Top of Input data

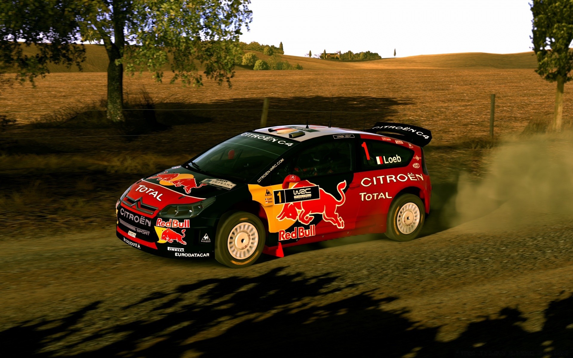 Rennwagen fuhr in Felder
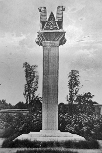 Feld-Artillerie Regiment „Prinz Luitpold von Bayern“ (Magdeburgisches) Nr. 4 im Hof der Artillerie-Kaserne: Hohe viereckige Stele mit stark verziertem Aufsatz, darauf zwei Löwenfiguren mit hoch erhobenen Köpfen.
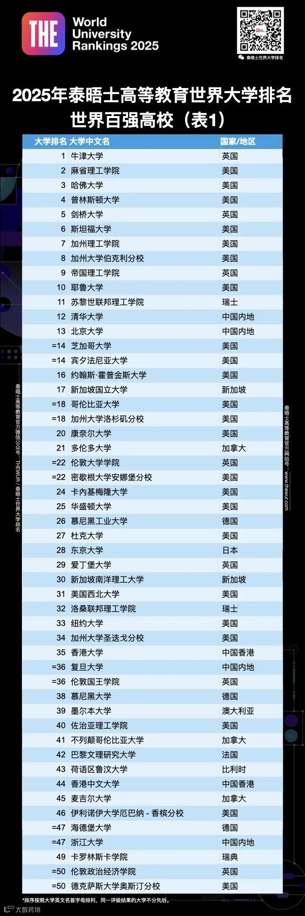 千呼万唤始出来,又一重磅榜单新鲜出炉!2025年泰晤士高等教育世界大学排名于10月9日正式发布!
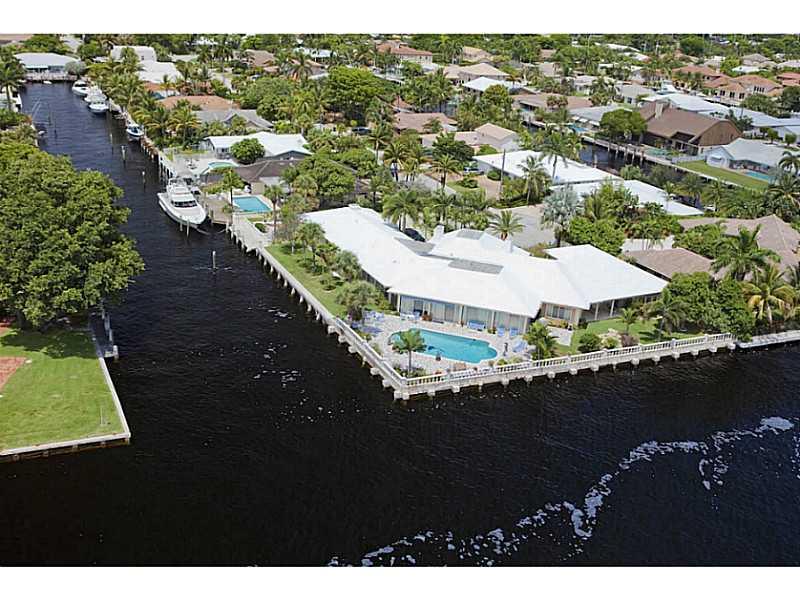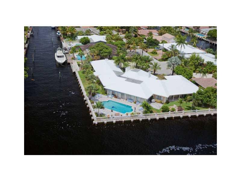 Intracoastal SE Point Lot PLUS additional adjoining lot. Over 330 feet of total water frontage with 140' on the Intracoastal and 190' on side canal. Can be divided into 2 lots. Classic Florida home with 9' ceilings sits in its ORIGINAL condition on 1/2 ac re+ lot. Home being Sold at Land Value has incredible potential to be renovated into spectacular residence, or this double lot can accommodate a sprawling new estate. Located in prestigious Coral Ridge Country Club. See brokers remarks for showing!
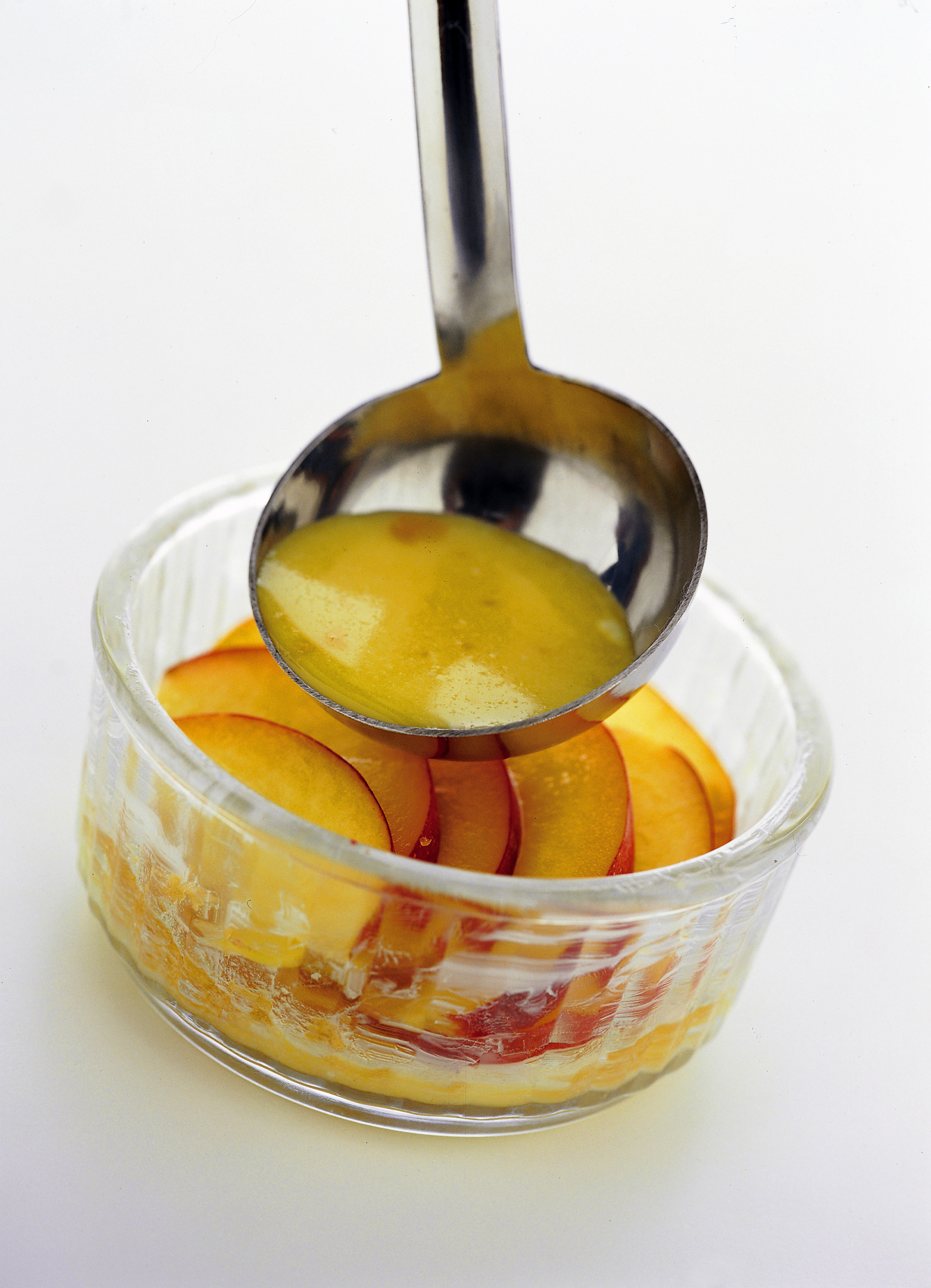 3) Versa al di sopra della sbriciolata di savoiardi un po' del composto a base di uova e metà delle fettine di pesca.
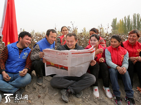 10月28日,新疆喀什地区疏勒县阿拉力乡海尼且村村民的棉花地里,自治区人民政府办公厅驻疏勒县阿拉力乡海尼且村工作队队员艾斯卡尔·艾合买提,带领“和谐海尼且”志愿服务队队员,帮助贫困村民捡棉花。劳动间隙,艾斯卡尔·艾合买提带领大家学习十九大精神。
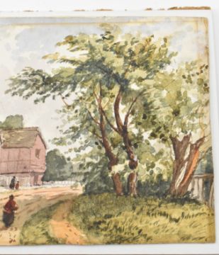 Richard Sebastian Bond (British 1808-1886) - A 19th century circa 1868 watercolour on paper painting. The watercolour depicting a village scene with houses to the left and people on road with trees to the right. Signed & dated to bottom left. Unframed, unglazed. Glued on board. Some staining around edges. Measures approx. 15cm x 23cm.
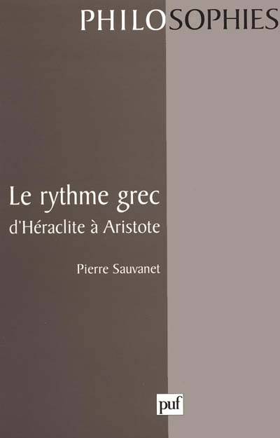 Chez Démocrite, c'est un concept original servant à désigner la forme des atomes en mouvement, chez certains sophistes, il caractérise la nature matérielle. Avec Platon et Arisote, le rythme prend définitivement son sens musical et poétique. Le recours systématique aux textes montre que le terme rythme a d'abord caractérisé "la forme ou la figure dans leur relation au temps". On pourrait dire que le rythme grec a ceci de particulier qu'il se situe au carrefour de l'espace et du temps, de l'ordre et du mouvement, il est en quelque sorte une "forme spatiale temporalisée".
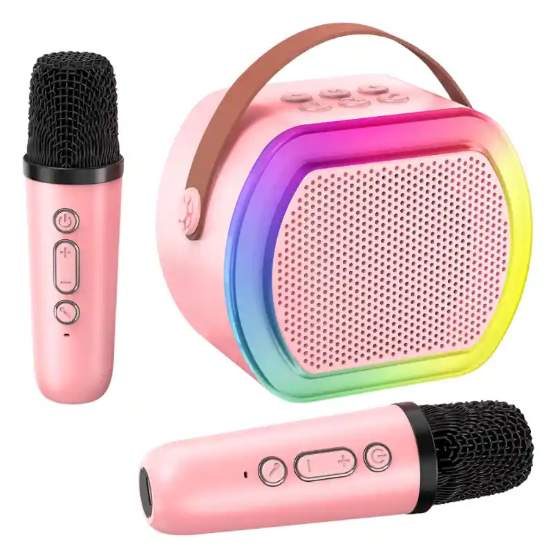 Mini Karaoke Inalámbrico Bluetooth con Micrófono – Portátil para Fiesta y Hogar Disfruta de tus canciones favoritas con este sistema de karaoke portátil con micrófono inalámbrico, ideal para fiestas, reuniones familiares, salidas o momentos de entretenimiento en casa. Compacto, fácil de usar y con funciones completas para cantar y ambientar cualquier espacio. Características principales Conectividad Bluetooth 5.4, emparejamiento rápido y estable hasta 10 m de distancia. Sonido Hi-Fi con graves balanceados y voz clara gracias a chip de audio optimizado. Micrófono inalámbrico incluido (2) — compatibles con la unidad principal. Iluminación LED multicolor sincronizada con la música, creando ambiente de fiesta o karaoke. Batería recargable integrada: hasta 8 horas de uso continuo tras carga completa (≈ 2 horas). Diseño compacto y portátil — fácil de transportar, ideal para fiestas, viajes o uso en interiores. Puerto de salida auxiliar de 3.5 mm para conectar audífonos y escuchar en privado. Uso recomendado Perfecto para celebraciones de cumpleaños, reuniones familiares, fiestas infantiles o juveniles, karaoke casero, clases de canto, viajes, salidas al aire libre, presentaciones informales o simplemente disfrutar música con amigos.

Bottom of Input data

**Assignment:**
Only the lines starting at the one with "Feld-Artillerie Regiment „Prinz" and ending at the one with "10月28日,新疆喀什地区疏" should be printed, each exactly as it appears in the material above; the pictures are to be omitted.

**Expected answer:**
 Feld-Artillerie Regiment „Prinz Luitpold von Bayern“ (Magdeburgisches) Nr. 4 im Hof der Artillerie-Kaserne: Hohe viereckige Stele mit stark verziertem Aufsatz, darauf zwei Löwenfiguren mit hoch erhobenen Köpfen.
 千呼万唤始出来,又一重磅榜单新鲜出炉!2025年泰晤士高等教育世界大学排名于10月9日正式发布!
 Intracoastal SE Point Lot PLUS additional adjoining lot. Over 330 feet of total water frontage with 140' on the Intracoastal and 190' on side canal. Can be divided into 2 lots. Classic Florida home with 9' ceilings sits in its ORIGINAL condition on 1/2 ac re+ lot. Home being Sold at Land Value has incredible potential to be renovated into spectacular residence, or this double lot can accommodate a sprawling new estate. Located in prestigious Coral Ridge Country Club. See brokers remarks for showing!
 3) Versa al di sopra della sbriciolata di savoiardi un po' del composto a base di uova e metà delle fettine di pesca.
 10月28日,新疆喀什地区疏勒县阿拉力乡海尼且村村民的棉花地里,自治区人民政府办公厅驻疏勒县阿拉力乡海尼且村工作队队员艾斯卡尔·艾合买提,带领“和谐海尼且”志愿服务队队员,帮助贫困村民捡棉花。劳动间隙,艾斯卡尔·艾合买提带领大家学习十九大精神。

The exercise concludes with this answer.